YOUR GOAL: Please report every line from the material that contains the word "high".

WORKING DATA:

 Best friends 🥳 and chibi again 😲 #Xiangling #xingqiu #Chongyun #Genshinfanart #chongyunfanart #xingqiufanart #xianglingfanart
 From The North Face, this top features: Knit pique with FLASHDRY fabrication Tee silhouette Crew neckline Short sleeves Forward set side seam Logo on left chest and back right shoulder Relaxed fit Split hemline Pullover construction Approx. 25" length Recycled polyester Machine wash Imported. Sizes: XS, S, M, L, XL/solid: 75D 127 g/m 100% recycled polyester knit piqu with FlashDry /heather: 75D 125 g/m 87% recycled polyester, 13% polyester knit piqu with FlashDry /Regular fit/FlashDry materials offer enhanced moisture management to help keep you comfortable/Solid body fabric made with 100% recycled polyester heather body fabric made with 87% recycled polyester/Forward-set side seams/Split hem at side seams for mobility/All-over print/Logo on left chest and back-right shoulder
...
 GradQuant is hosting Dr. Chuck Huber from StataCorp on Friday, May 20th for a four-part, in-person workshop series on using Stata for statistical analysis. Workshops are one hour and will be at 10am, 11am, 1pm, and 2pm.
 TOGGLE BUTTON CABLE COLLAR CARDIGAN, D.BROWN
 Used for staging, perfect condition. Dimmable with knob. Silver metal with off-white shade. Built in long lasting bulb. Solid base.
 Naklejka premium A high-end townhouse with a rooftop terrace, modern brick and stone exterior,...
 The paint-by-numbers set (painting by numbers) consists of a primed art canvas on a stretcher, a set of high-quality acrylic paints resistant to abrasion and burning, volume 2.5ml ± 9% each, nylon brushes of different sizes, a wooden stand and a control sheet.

TASK OUTPUT:
 Naklejka premium A high-end townhouse with a rooftop terrace, modern brick and stone exterior,...
 The paint-by-numbers set (painting by numbers) consists of a primed art canvas on a stretcher, a set of high-quality acrylic paints resistant to abrasion and burning, volume 2.5ml ± 9% each, nylon brushes of different sizes, a wooden stand and a control sheet.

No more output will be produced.